── Excerpted data

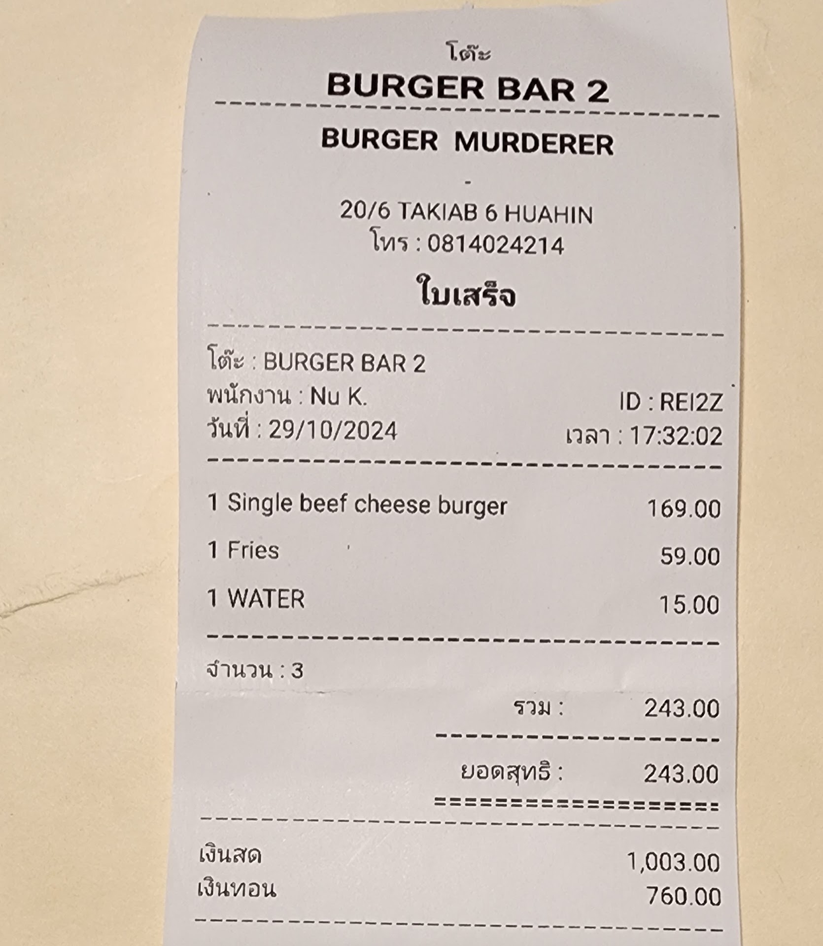 Read moreDelicious, delicious, delicious. This rivals the best burgers I've had in Thailand ! Appealing from the moment it was served. As the saying goes " A Diamond in the Rough " / Update ; return May 1 ,2024 and " Neu " owner is at again ! By far the best Angus double bacon cheese onion burger on an artisan bun w/ lettuce. I left off the tomatoes and mayo. The double is a major meal ! Artistic looking , aromatic , bursting with flavor , prepared Masterfully. None better and I have had many other burgers throughout Thailand some very good. This is the Pinnacle ! The one that ranks above all others , thanks again Neu , I will see you again this week..Fries were great , you have all the right condiments and even bbq sauce ! Great work in the Kitchen...
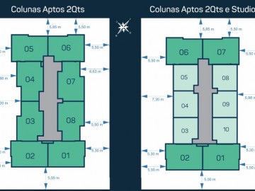 - Coluna 1 Aptos 301 a 701: 64,30m² - Aptos 801 a 1201: 64,23m²
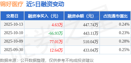 证券之星消息,10月13日,锦好医疗(920925)融资买入38.01万元,融资偿还33.38万元,融资净买入4.63万元,融资余额447.74万元。
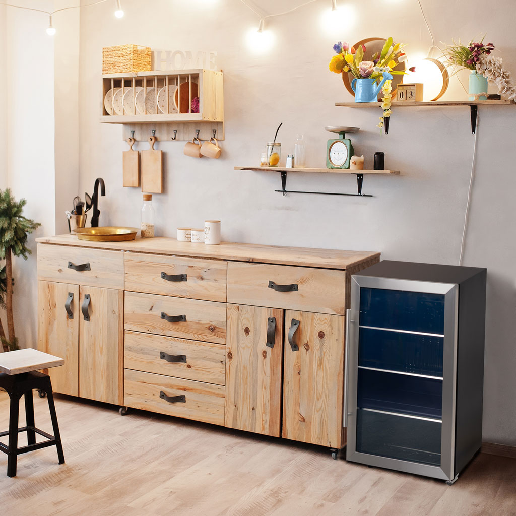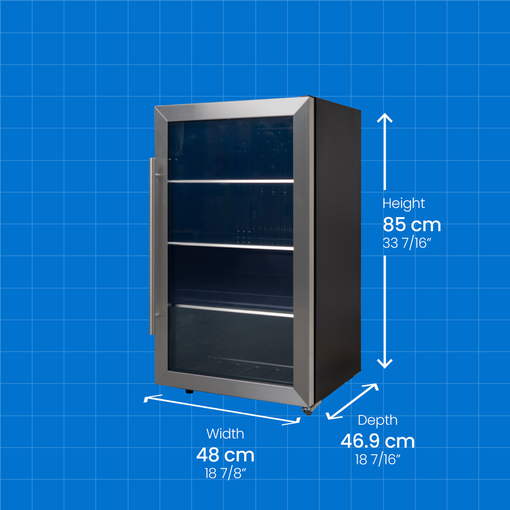- Customize the contents with three adjustable sturdy glass shelves to store different size beverages
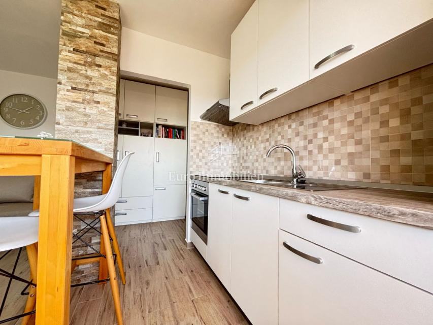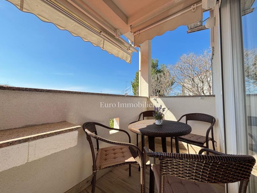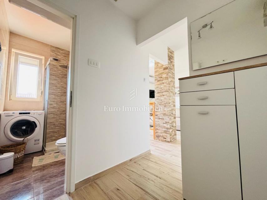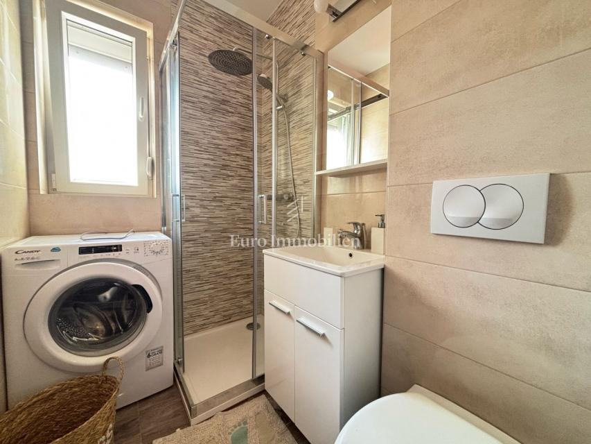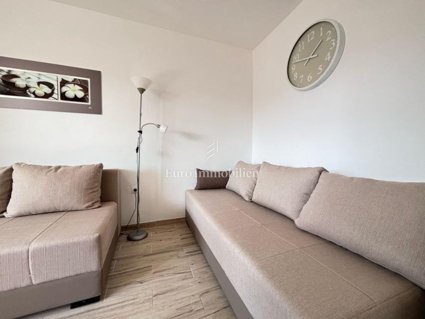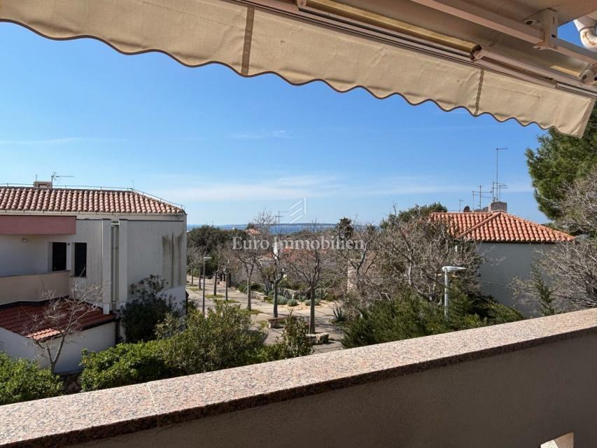 Apartman se nalazi na prvom katu i ima natkrivenu terasu s tendom i pogledom na more. Opremljen je novim namještajem i klima uređajem. Besplatan javni parking dostupan je u neposrednoj blizini, a do plaže se dolazi za samo nekoliko minuta hoda. Vlasništvo je uredno, 1/1.
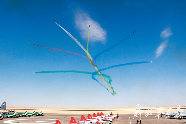 空軍八一飛行表演隊參加第二屆沙特國際防務(wù)展,展現(xiàn)中國“藍(lán)天儀仗隊”風(fēng)采。
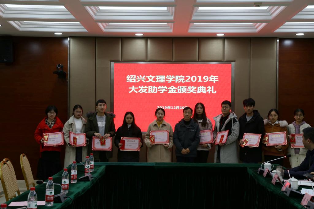 12月10日上午,2019年“大发助学金”颁奖典礼在铁城科教馆一楼会议室举行。校党委副书记沈赤,宁波大发化纤有限公司副总经理钱军先生,学工部、对外联络处、银河国际
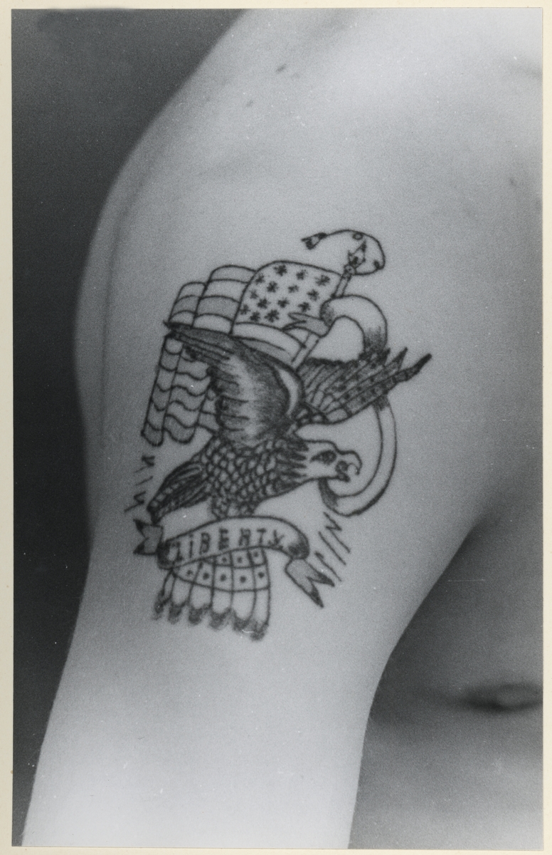 Tatuering i rött och blått på höger överarm utförd i Rotterdam 1940.
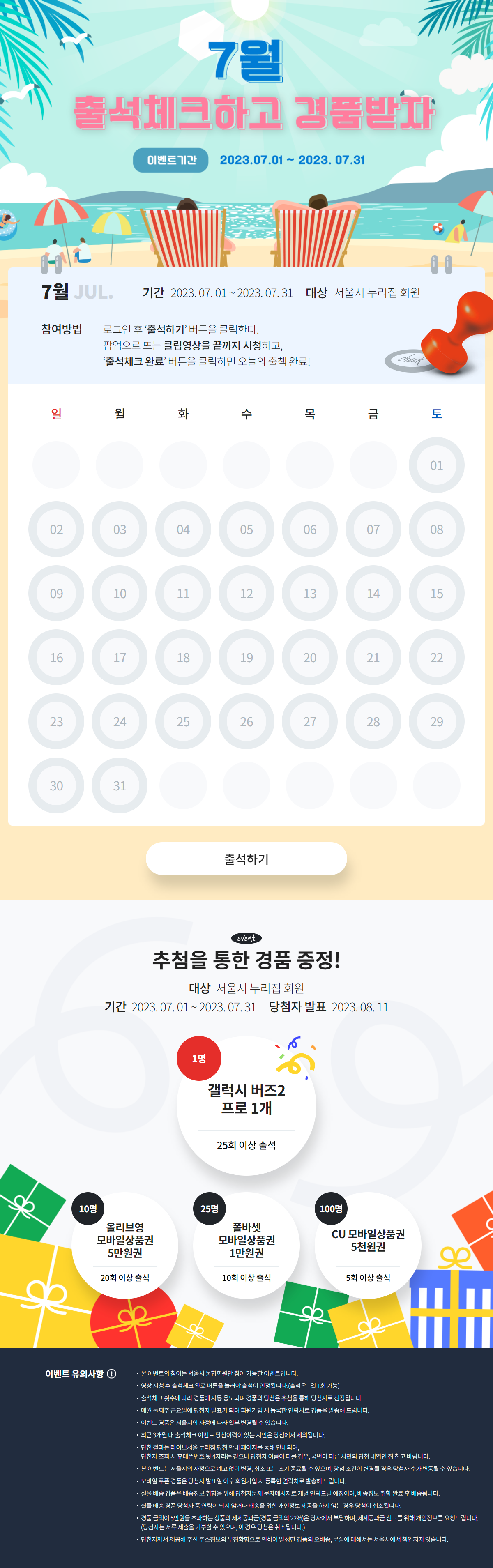 - 선정인원 : 5회 이상 출석 100명(5000원 모바일쿠폰), 10회 이상 출석 25명(1만원 모바일 쿠폰), 20회 이상 출석 10명(5만원 모바일쿠폰), 25회 이상 출석 1명( 갤럭시 버즈2 프로) - 출석체크 횟수에 맞는 대상 무작위 추첨합니다.
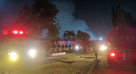 KOTA TANGERANG—BPBD Kota Tangerang menurunkan 12 unit kendaraan pemadam kebakaran di lokasi Lembaga Pemasyarakatan (Lapas) Kelas I Tangerang, Kota Tangerang, Banten. Menurut
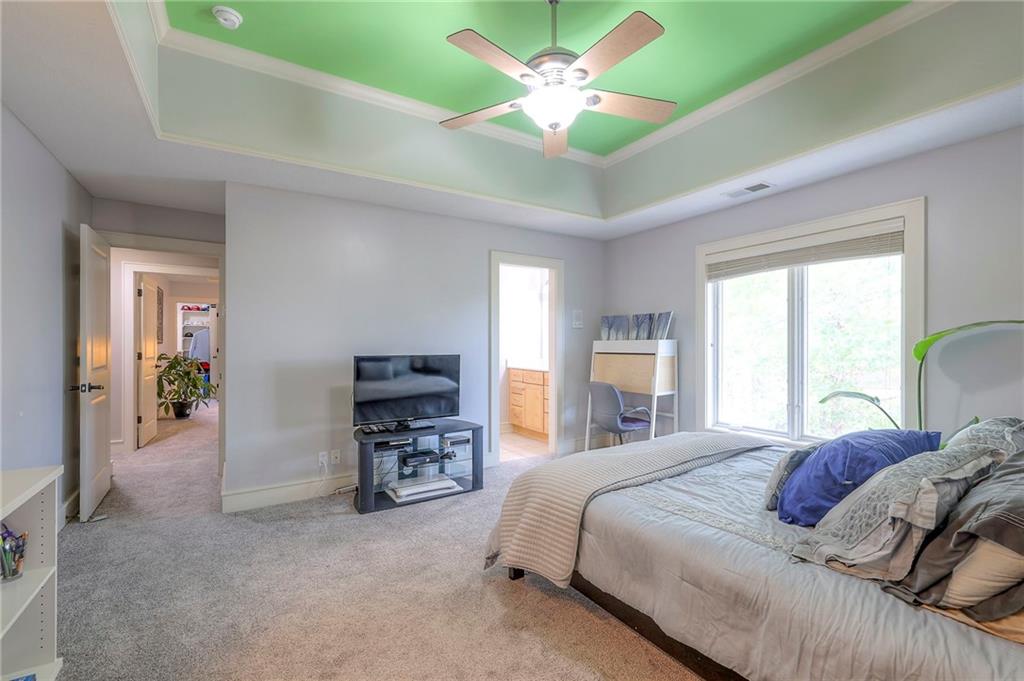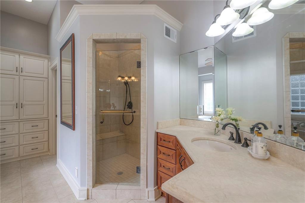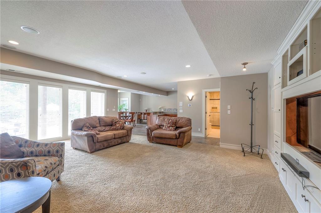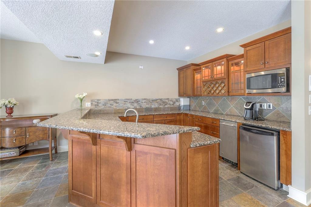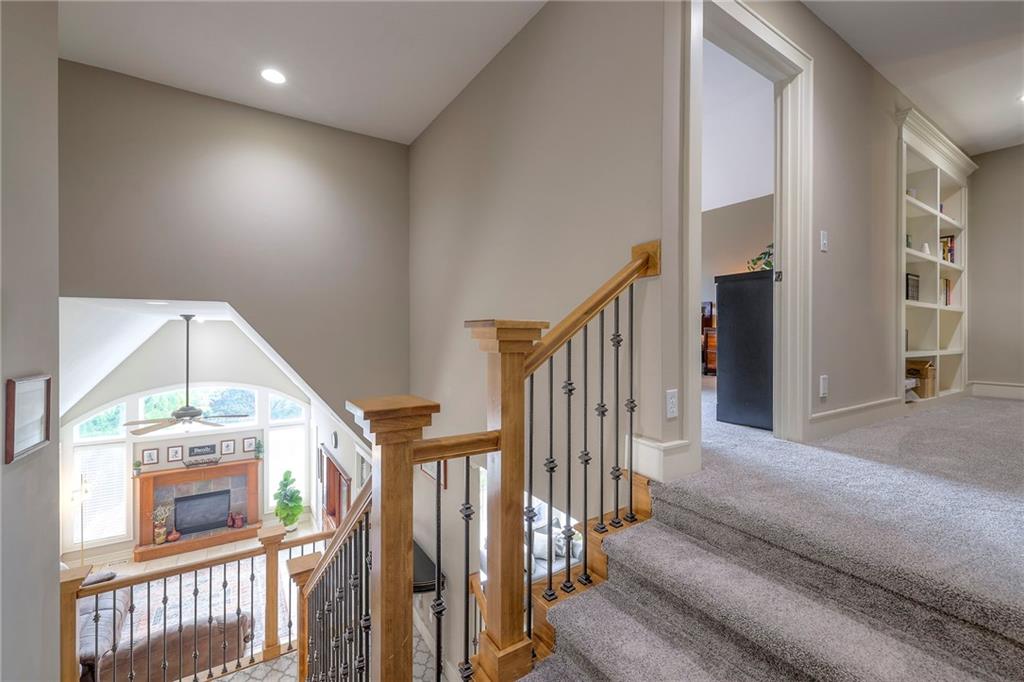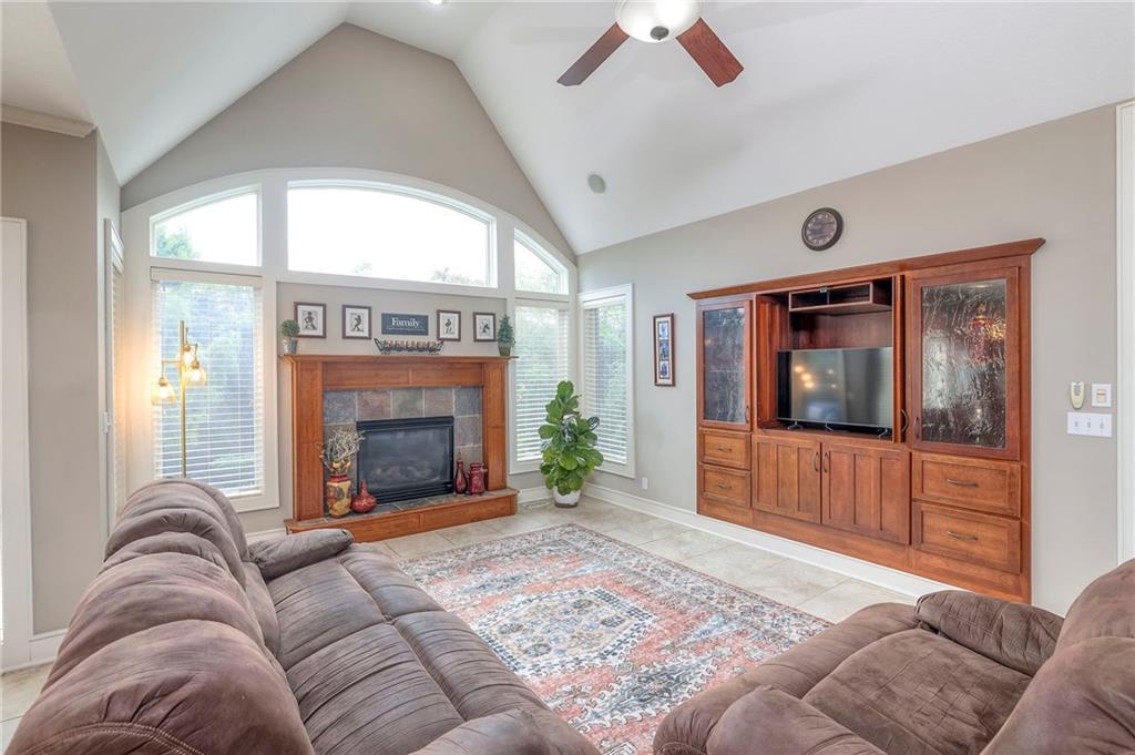 Welcome to this stunning 1.5-story home offering over 5,800 square feet of living space in a fantastic Overland Park location. The inviting entry opens to a formal dining room and home office, setting the tone for the amazing space throughout. The living room is warm and welcoming with vaulted ceilings, a cozy fireplace, and built-ins. The kitchen is truly the heart of the home, featuring an expansive island, double ovens, two sinks, a walk-in pantry, and generous countertop space. Just off the kitchen, a hearth room with its own fireplace and built-ins provides the perfect spot to gather. Step outside to a low-maintenance composite deck overlooking the private, treed backyard. The main-level primary suite is a retreat all its own, with a private balcony, spa-like ensuite bath featuring a walk-in shower and soaking tub, and a huge walk-in closet. A convenient laundry room rounds out the main floor. Upstairs, you’ll find four spacious bedrooms, each with access to bathrooms and large closets. The finished walk-out basement is designed for entertaining, featuring a large rec room, a wet bar, and a separate space perfect for a pool table. A non-conforming sixth bedroom and abundant storage provide additional flexibility. Step outside to the backyard oasis, complete with a beautiful swimming pool, expansive patio, green space, and mature trees for privacy. This home is the complete package, spacious, functional, and perfect for both everyday living and entertaining.
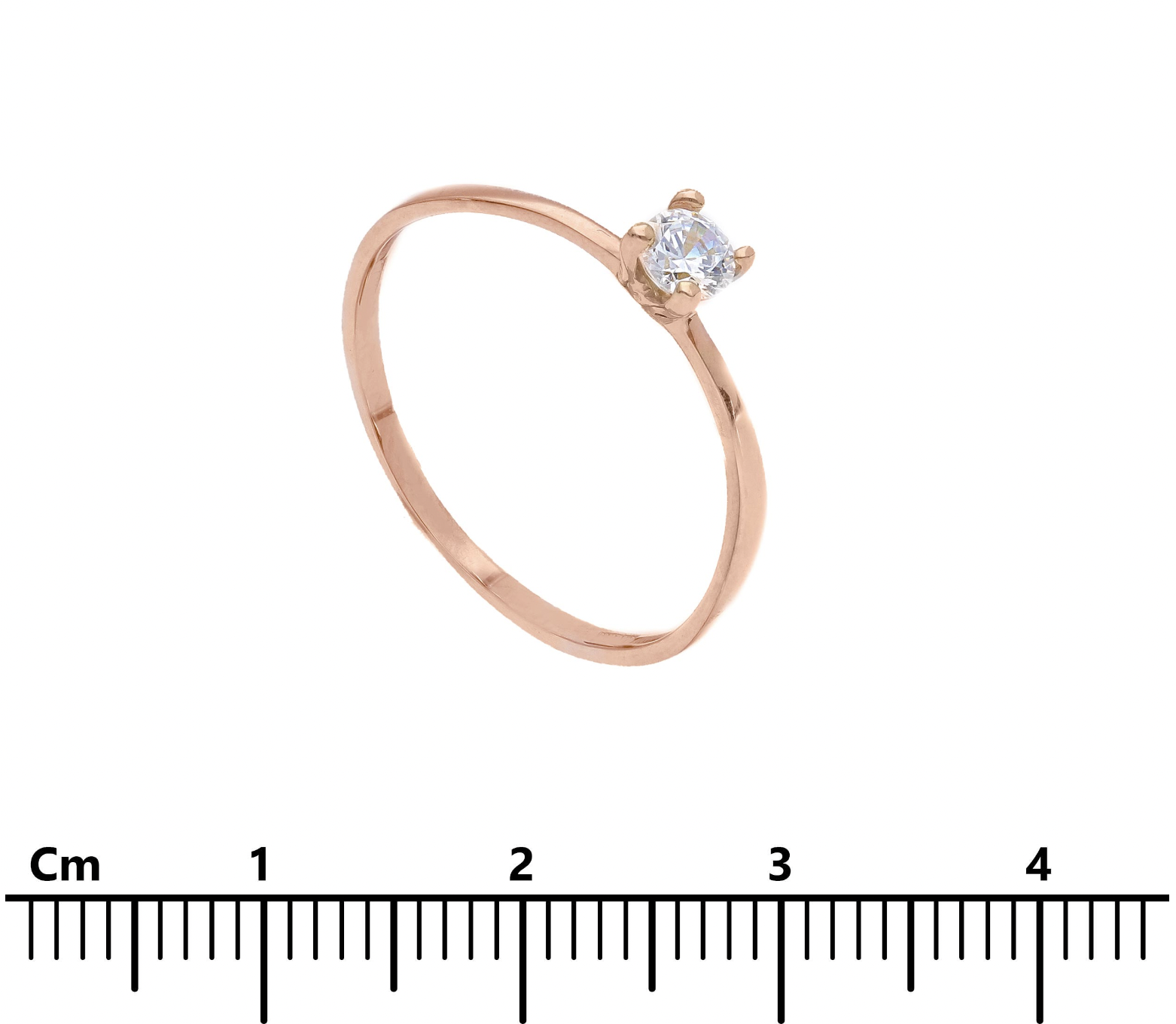 Single stone k14 rose gold ring with zirkon on four teeth bezel (S253267)
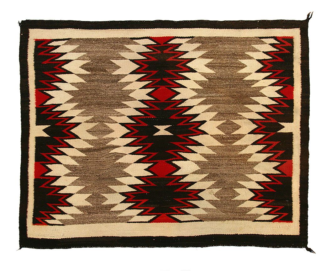 Navajo Weaving. 4'6" x 3'7". Homespun wool. Circa 1930. (est. $800-1,200). CONDITION REPORTS: www.auctioninsantafe.com/docs/cr2012.pdf
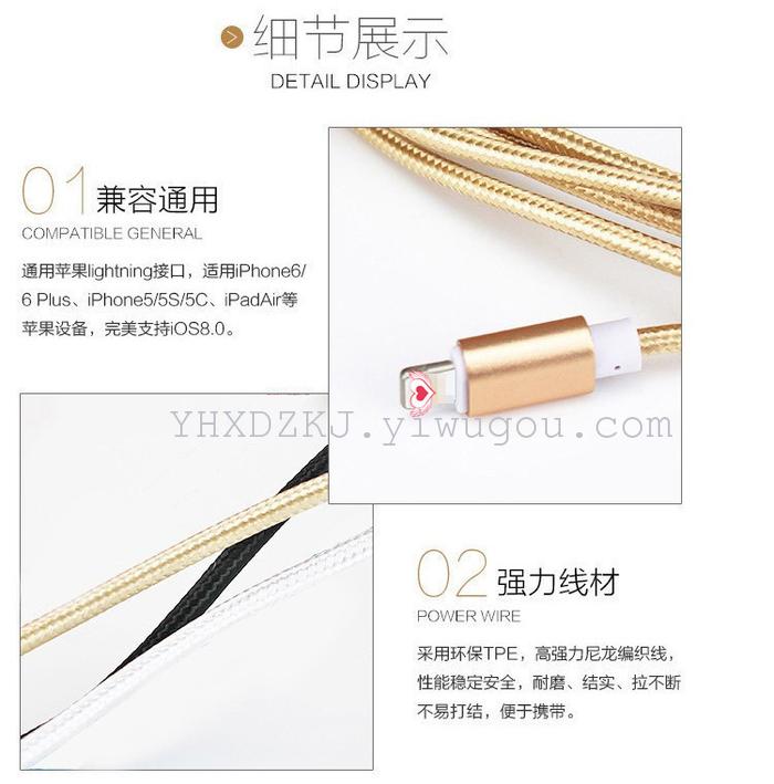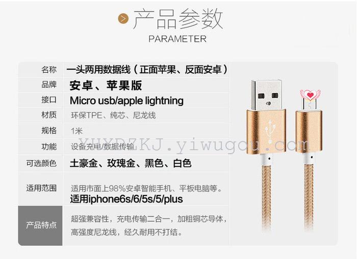 产品特点:超强兼容性,支持不同品牌设备,加粗铜导体,支持同步充电及数据传输,苹果安卓接头二合一,适用多种不同接口设备,高强度尼龙线拉扯不易断,更加耐用。

────

Prompt:
Without the pictures, restate all the entries above exactly.

Solution for this exercise:
 Read moreDelicious, delicious, delicious. This rivals the best burgers I've had in Thailand ! Appealing from the moment it was served. As the saying goes " A Diamond in the Rough " / Update ; return May 1 ,2024 and " Neu " owner is at again ! By far the best Angus double bacon cheese onion burger on an artisan bun w/ lettuce. I left off the tomatoes and mayo. The double is a major meal ! Artistic looking , aromatic , bursting with flavor , prepared Masterfully. None better and I have had many other burgers throughout Thailand some very good. This is the Pinnacle ! The one that ranks above all others , thanks again Neu , I will see you again this week..Fries were great , you have all the right condiments and even bbq sauce ! Great work in the Kitchen...
 - Coluna 1 Aptos 301 a 701: 64,30m² - Aptos 801 a 1201: 64,23m²
 证券之星消息,10月13日,锦好医疗(920925)融资买入38.01万元,融资偿还33.38万元,融资净买入4.63万元,融资余额447.74万元。
- Customize the contents with three adjustable sturdy glass shelves to store different size beverages
 Apartman se nalazi na prvom katu i ima natkrivenu terasu s tendom i pogledom na more. Opremljen je novim namještajem i klima uređajem. Besplatan javni parking dostupan je u neposrednoj blizini, a do plaže se dolazi za samo nekoliko minuta hoda. Vlasništvo je uredno, 1/1.
 空軍八一飛行表演隊參加第二屆沙特國際防務(wù)展,展現(xiàn)中國“藍(lán)天儀仗隊”風(fēng)采。
 12月10日上午,2019年“大发助学金”颁奖典礼在铁城科教馆一楼会议室举行。校党委副书记沈赤,宁波大发化纤有限公司副总经理钱军先生,学工部、对外联络处、银河国际
 Tatuering i rött och blått på höger överarm utförd i Rotterdam 1940.
 - 선정인원 : 5회 이상 출석 100명(5000원 모바일쿠폰), 10회 이상 출석 25명(1만원 모바일 쿠폰), 20회 이상 출석 10명(5만원 모바일쿠폰), 25회 이상 출석 1명( 갤럭시 버즈2 프로) - 출석체크 횟수에 맞는 대상 무작위 추첨합니다.
 KOTA TANGERANG—BPBD Kota Tangerang menurunkan 12 unit kendaraan pemadam kebakaran di lokasi Lembaga Pemasyarakatan (Lapas) Kelas I Tangerang, Kota Tangerang, Banten. Menurut
 Welcome to this stunning 1.5-story home offering over 5,800 square feet of living space in a fantastic Overland Park location. The inviting entry opens to a formal dining room and home office, setting the tone for the amazing space throughout. The living room is warm and welcoming with vaulted ceilings, a cozy fireplace, and built-ins. The kitchen is truly the heart of the home, featuring an expansive island, double ovens, two sinks, a walk-in pantry, and generous countertop space. Just off the kitchen, a hearth room with its own fireplace and built-ins provides the perfect spot to gather. Step outside to a low-maintenance composite deck overlooking the private, treed backyard. The main-level primary suite is a retreat all its own, with a private balcony, spa-like ensuite bath featuring a walk-in shower and soaking tub, and a huge walk-in closet. A convenient laundry room rounds out the main floor. Upstairs, you’ll find four spacious bedrooms, each with access to bathrooms and large closets. The finished walk-out basement is designed for entertaining, featuring a large rec room, a wet bar, and a separate space perfect for a pool table. A non-conforming sixth bedroom and abundant storage provide additional flexibility. Step outside to the backyard oasis, complete with a beautiful swimming pool, expansive patio, green space, and mature trees for privacy. This home is the complete package, spacious, functional, and perfect for both everyday living and entertaining.
 Single stone k14 rose gold ring with zirkon on four teeth bezel (S253267)
 Navajo Weaving. 4'6" x 3'7". Homespun wool. Circa 1930. (est. $800-1,200). CONDITION REPORTS: www.auctioninsantafe.com/docs/cr2012.pdf
 产品特点:超强兼容性,支持不同品牌设备,加粗铜导体,支持同步充电及数据传输,苹果安卓接头二合一,适用多种不同接口设备,高强度尼龙线拉扯不易断,更加耐用。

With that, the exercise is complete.